More than 80 percent of the $2.1 billion Connecticut must contribute this fiscal year to pension funds for state employees and teachers involves paying the bills ignored by past state officials. Conversely, less than 20 percent is the cost of saving for the future retirement of present-day workers.
“We didn’t break it, why should we buy it?” Coventry Town Manager John Elsesser, former president of the Connecticut Council of Small Towns, tweeted when Malloy first proposed forcing communities to pay just under one-third of teacher pension costs.
Malloy’s response: “That’s why I don’t think municipalities should pay 100 percent of this obligation. … I’m just raising the obvious fact that the state is not in a position to do all of this.”
If cities and towns own one-third of this bill, it will amount to $407 million out of $1.29 billion next fiscal year.
But by 2032, if the Boston College study is correct, one-third of $6.2 billion is $2.07 billion.
Should Connecticut really shift an amount equal to the value of its entire Education Cost Sharing grant program onto an already regressive property tax base?
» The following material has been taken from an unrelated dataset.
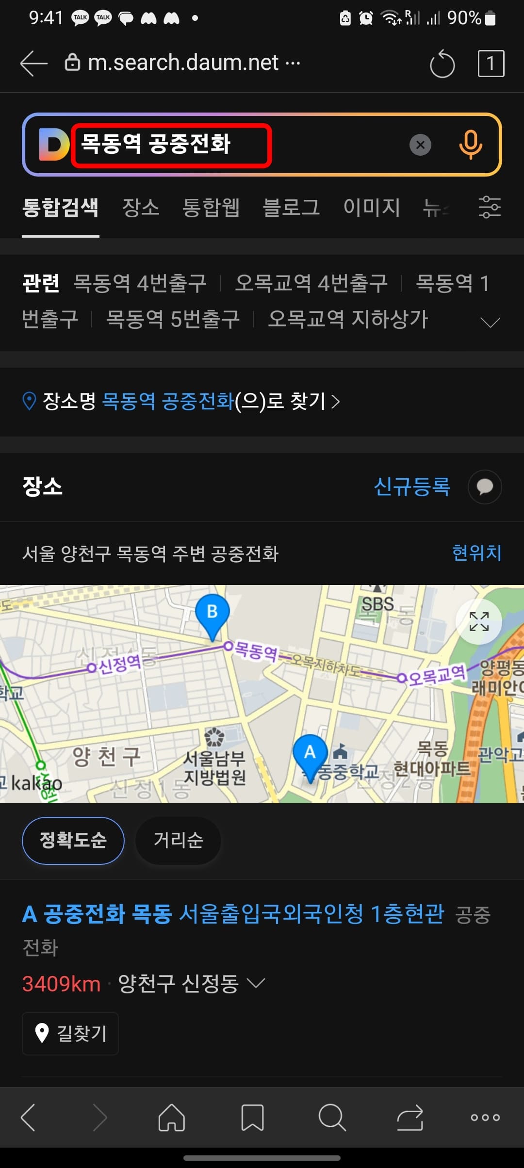 다음 앱 공중전화 위치검색 방법

“The state can no longer kick the can down the road so now it is trying to kick it onto towns and cities,” said Betsy Gara, executive director of the Connecticut Council of Small Towns.
“We’re still not having the right conversations. That’s what is mind-boggling to me,” said Joe DeLong, executive director of the Connecticut Conference of Municipalities. “Nobody is talking about fixing the broken system. Nobody is saying let’s create a second-tier retirement system” for new teachers.”
Aresimowicz searches for a compromise
House Speaker Joe Aresimowicz, D-Berlin, has been searching for middle ground since the governor unveiled his plan two months ago.
The speaker said he agrees with Malloy that communities should bear at least some responsibility for teacher pension costs.
And the current pension system is regressive, Aresimowicz said. Connecticut pays proportionately far more to cover pensions for teachers from wealthy communities — which can afford to hire more teachers at higher salaries and thus create larger pension costs — than it does to help retirees from poor cities and towns.
But Aresimowicz, who suggested phasing in teacher pension bills for municipalities, added last week that Connecticut also must limit how fast those bills grow over the next 10 to 15 years.
“We all recognize that municipalities’ only ability to raise funds and pay for things is through the property tax,” he said. “The mill rates are already so exorbitantly high in some cities that people don’t want to live there and businesses don’t want to be there.”
Malloy said he remains open to “meaningful discussions” that could lead to a compromise, “but can we go back to square one? I don’t think that’s a good way to start.
“I’m the guy who routinely raises the issues, but I didn’t create a single one. …We still have to get to a budget.”